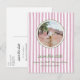 Postal De Anuncios Striped pink and greensave the date photo postcard
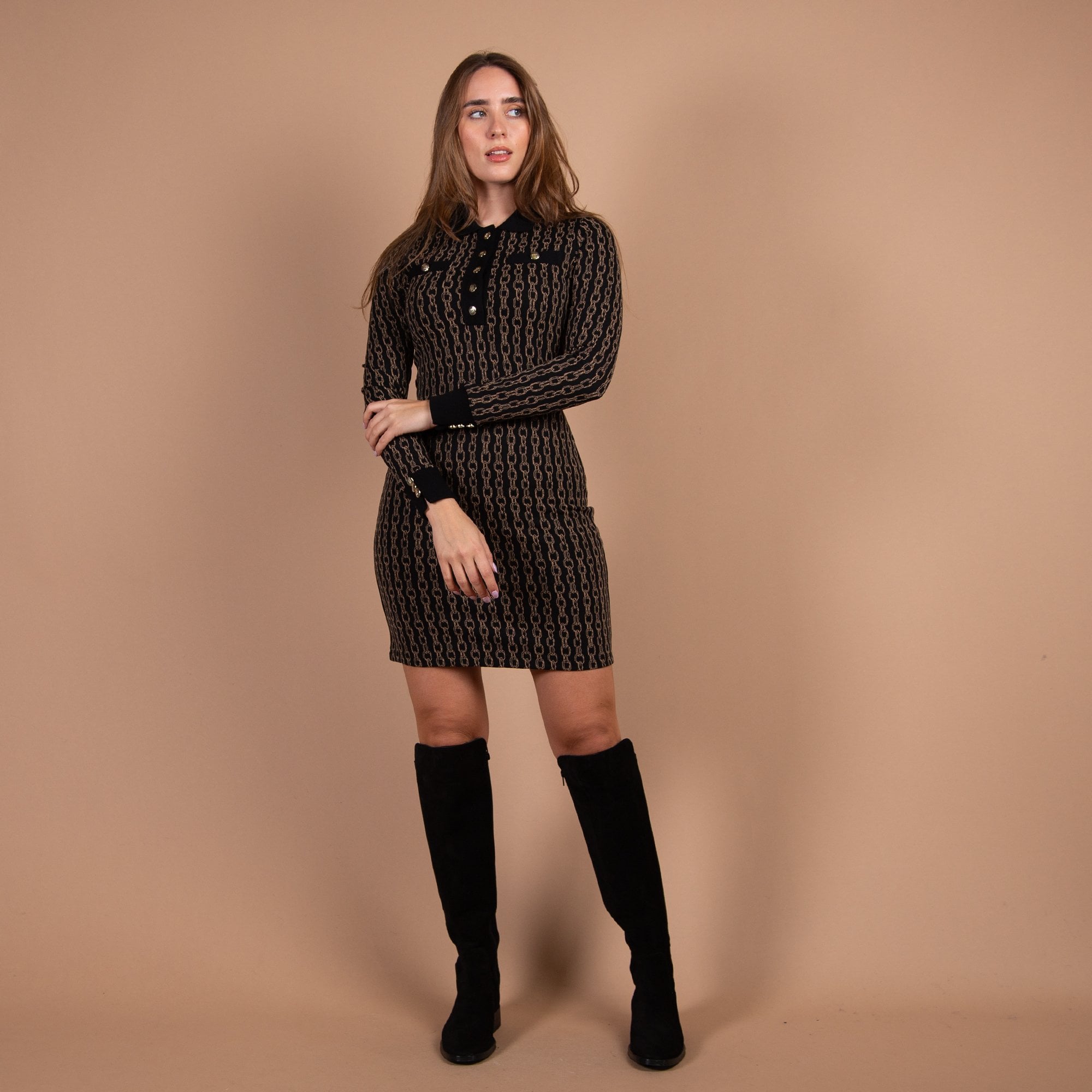 Riani Chain Print Stretch Fitted Shirt Dress Black/beige
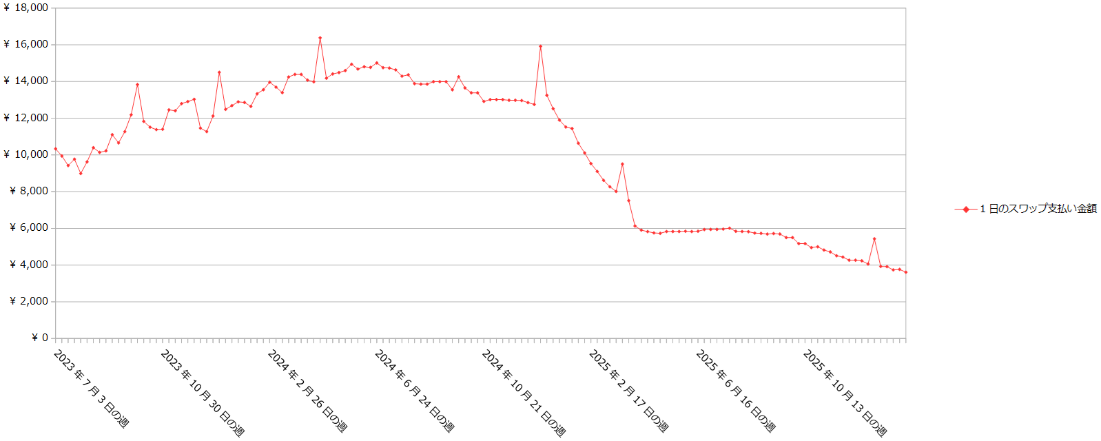 この1週間の未実現スワップ増減金額は+202,954円です(今週末:-4,345,691円、先週末:-4,548,645円)。
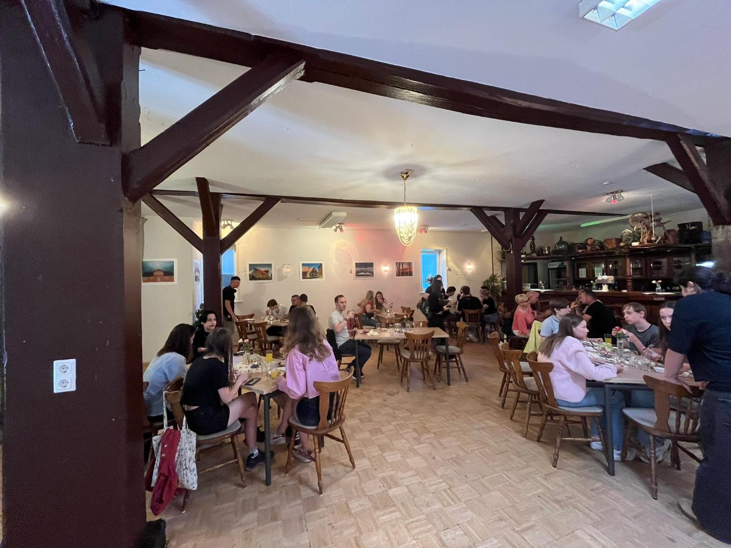 Der Workshoptag wurde durch eine kurze gemeinsame Mittagspause in einer kleinen Lokalität in Bergen unterbrochen. Auch hier war es sehr bemerkenswert zu sehen, wie schnell sich die Schülerinnen und Schüler aus den verschiedenen Ländern untereinander zusammengefunden haben und sich weiter austauschten.
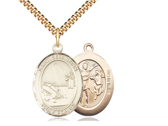 14kt Gold Filled St. Sebastian / Fishing Pendant Necklace 1 x 3/4 - 24 Inch Chain
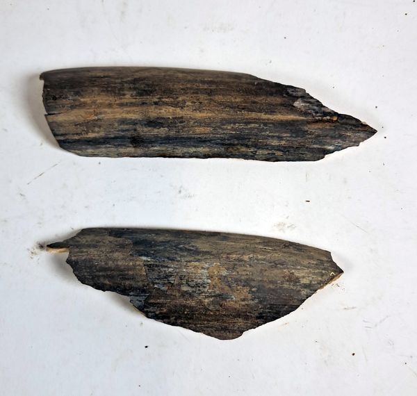 Twee stukken van een slagtand van een mammoet. Vondst is gedaan in de zandwinput in Heenvliet.
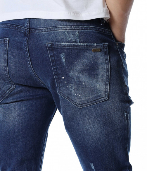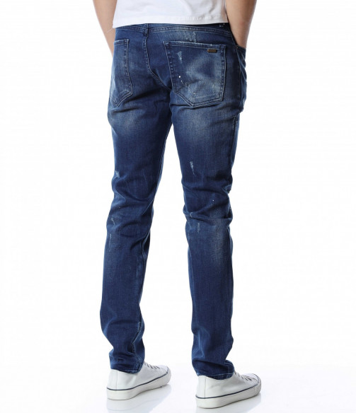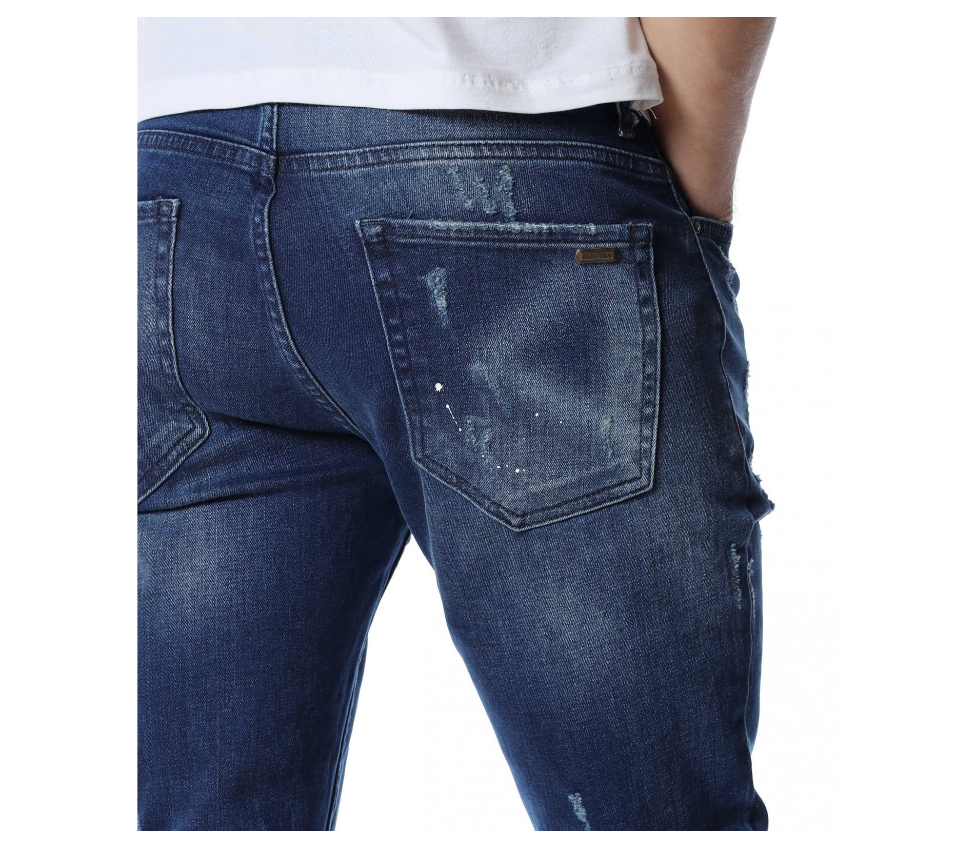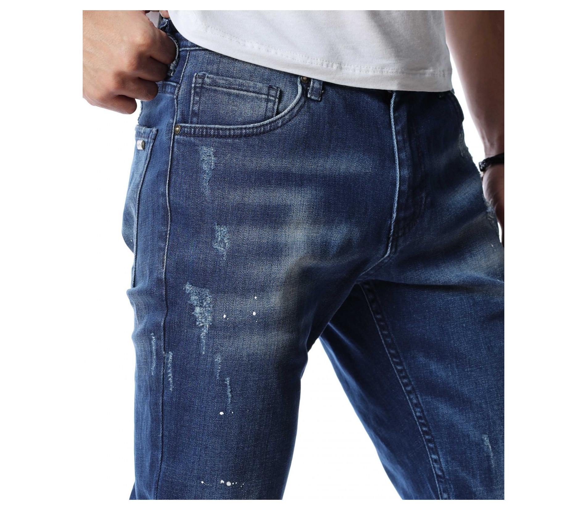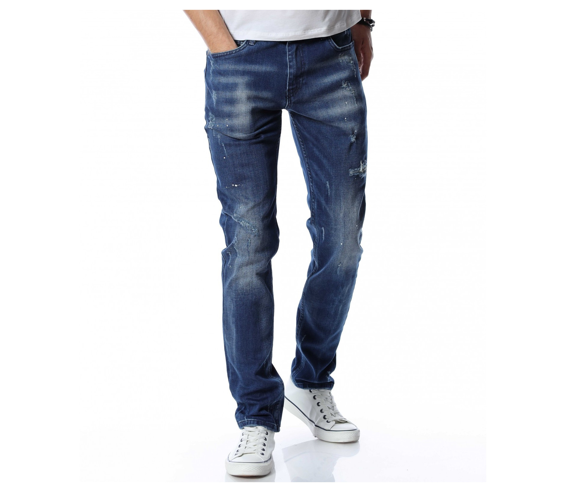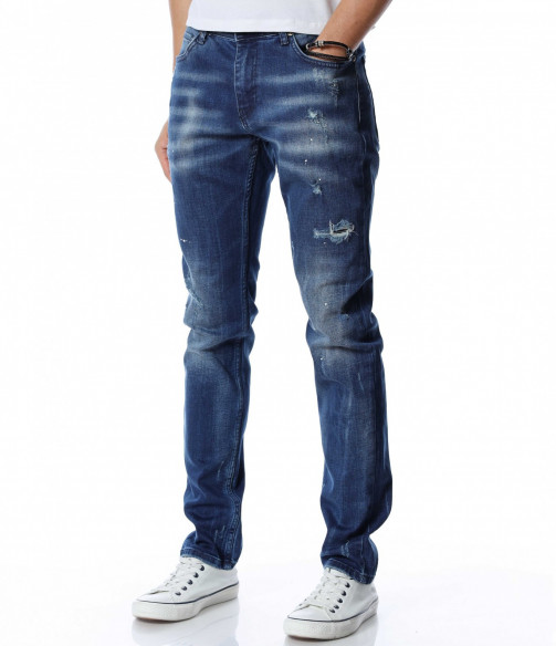 Мъжки, дълъг, син дънков панталон с кройка във вариант slim fit, който следва линиите на тялото и същевременно осигурява достатъчна свобода на движение. Закопчаването се състои в цип и копче, а на талията са разположени гайки, към които може да добавите колан. Моделът акцентира с контрастни, изсветлени елементи и леко надрани и протрити на места детайли с бели нишки. Забелязваме стандартните, отворени джобове, както в предната, така и в задната част.  Комбинирайте с блуза и кецове.
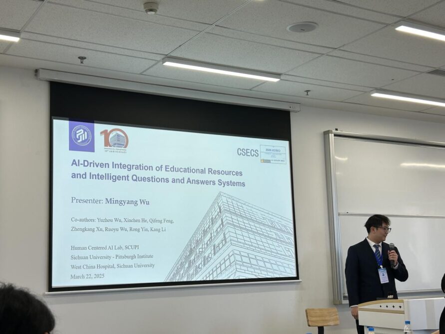At this conference, a cross-disciplinary team of faculty and students from four different majors at Sichuan University – Pittsburgh Institute (SCUPI) successfully presented their research paper “AI-Driven Integration of Educational Resources and Intelligent Questions and Answers System.” This team, consisting of members from various disciplines, including Industrial Engineering, Computer Science, Electrical and Computer Engineering, and Materials Science & Engineering, included undergraduate students Mingyang Wu (Class of 2023), Yuzhou Wu (Class of 2023), Ruoyu Wu (Class of 2023), Xincheng He (Class of 2024), Qifeng Feng (Class of 2024), Zhengkang Xu (Class of 2024), along with faculty members Rong Yin (Assistant Professor in Industrial Engineering) and Kang Li (Associate Dean for Research). Under the careful guidance of faculty from Industrial Engineering, this interdisciplinary collaboration fully demonstrated the unique advantages of SCUPI’s cross-disciplinary approach that integrates medical and engineering fields.

··········

- **WORK REQUEST**
Start with the first line of the records above and end with the line containing "この1週間の未実現スワップ増". Output those lines exactly, pictures excluded.

- **THE COMPLETED TASK**
 Postal De Anuncios Striped pink and greensave the date photo postcard
 Riani Chain Print Stretch Fitted Shirt Dress Black/beige
 この1週間の未実現スワップ増減金額は+202,954円です(今週末:-4,345,691円、先週末:-4,548,645円)。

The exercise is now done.